I’m usually a fan of the brutally peaty Islay malts, but sometimes I don’t have the cash to splurge on a bottle of Laphroaig or Lagavulin. Sometimes I just want something I can drink a lot of, and not feel bad that I just drank what could have been a week’s worth of groceries. And that’s where the Glen Silver’s Special Reserve comes in. This modestly-priced blend comes in at $15.99 per bottle – even less than some of its bottom-shelf competitors.

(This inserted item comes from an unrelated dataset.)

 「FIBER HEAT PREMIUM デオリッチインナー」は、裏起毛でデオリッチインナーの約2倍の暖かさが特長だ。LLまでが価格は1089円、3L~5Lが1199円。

I have to admit that the low price put me off at first, but I enjoyed the 8- and 12-year scotches from Glen Silver’s, so with confidence, I removed the golden screw cap on this rather nice-looking bottle and went to work. Before I get into the taste, here’s some info on this blended whisky.
Packaging: 750ml bottle
Alcohol content: 40% (80 proof)
Price: $15.99 + tax
Aging: No age statement.
Deep golden brown with slender but extremely slow legs.

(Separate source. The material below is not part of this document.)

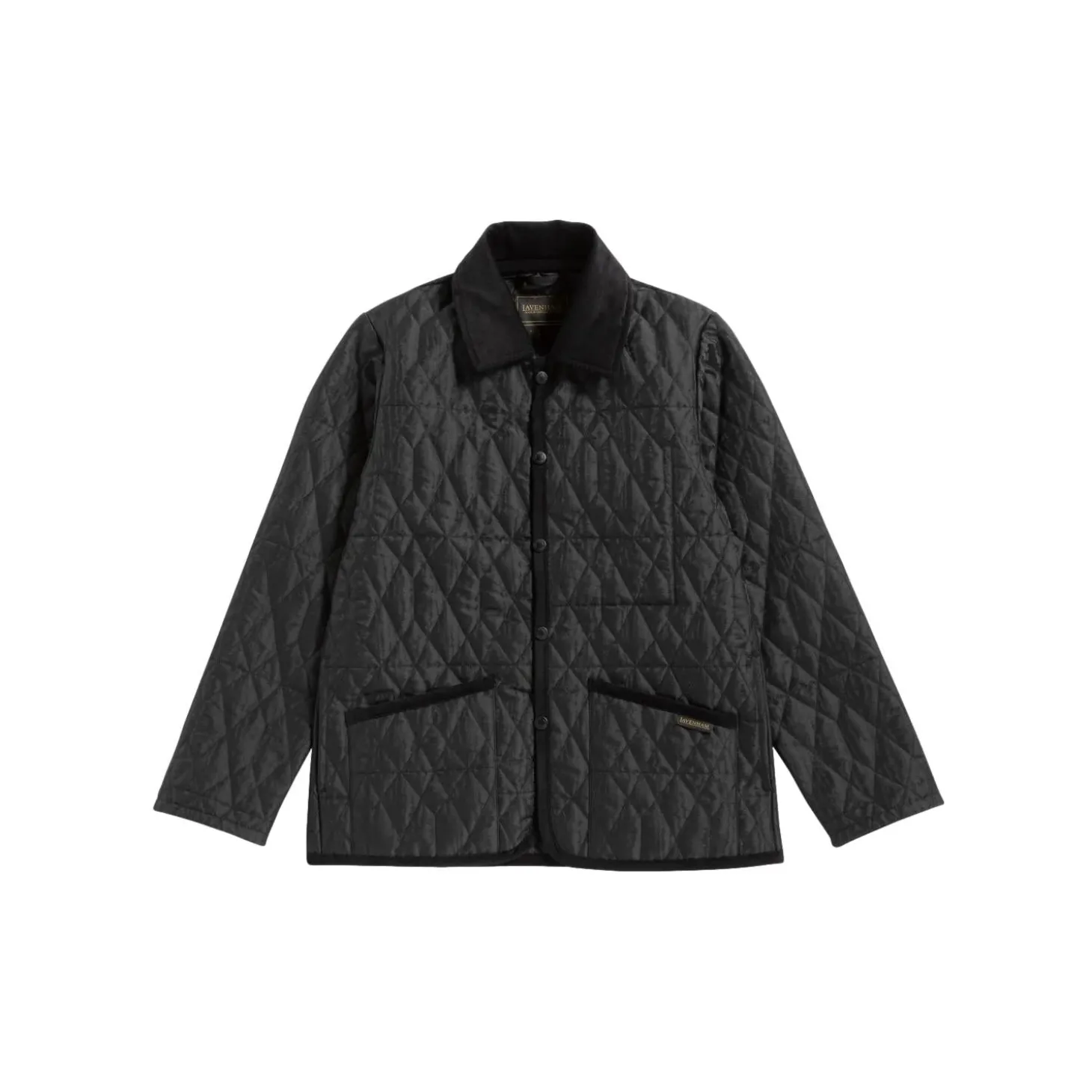 Kviltet jakke med store lommer i front og lukking med trykknapper.

Sherry oak, light honey, toffee, and peat.
Neat, this whiskey was somewhat full-bodied with notes of black pepper, tar, hay, and a bit of honey sweetness. Adding a few drops of water mellows it greatly, allowing a subtle nutty taste to come through. The finish is long with lots of oak and a bit of peat. Judging solely from the price tag, I was expecting some of that distinct cheap whisk(e)y taste – that overwhelming peppery bite and vodka-like alcohol aftertaste that you get from ordering a shot of whiskey at a bar, without specifying what kind – but the Glen Silver’s Special Reserve, while not mind-blowingly complex, was smooth and tasty.

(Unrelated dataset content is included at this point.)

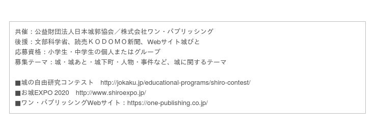 株式会社 ワン・パブリッシング(東京都台東区/代表取締役社長:廣瀬有二)と公益財団法人日本城郭協会が共催する「小学生・中学生 城の自由研究コンテスト」は、今年で19回を迎えた「城」をテーマにした自由研究のコンテストです。個人でも団体でも応募できるので、夏休みの自由研究としても人気です。この度、応募総数272作品より選ばれた第19回の入賞作品を発表しましたので、お知らせします。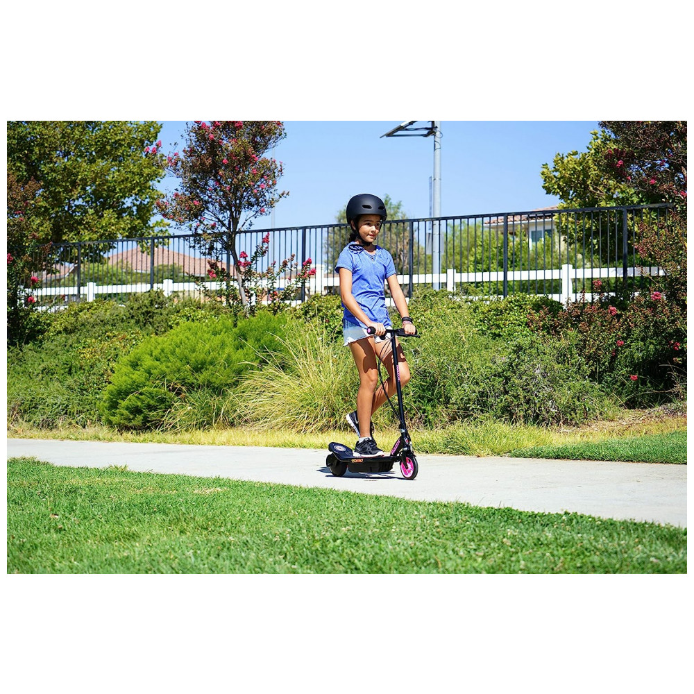 Patinete Elétrico para Crianças Acima de 8 anos Peso Max 55kg Razor E90 Preto e Rosa

While the price is suspiciously low, the Glen Silver’s Special Reserve is one of the better blended whiskies I’ve had, including some of the higher-end, bigger-name blends. It’s smooth, but it still has that peppery, smoky edge I look for in a fuller-bodied scotch. I could happily sip a couple of glasses of this on the rocks before (or after) dinner, but since it’s so inexpensive, I wouldn’t feel bad making a Rob Roy or a Rusty Nail out of it. It’s no single malt, but the Glen Silver’s Special Reserve has definitely earned a space in my liquor cabinet.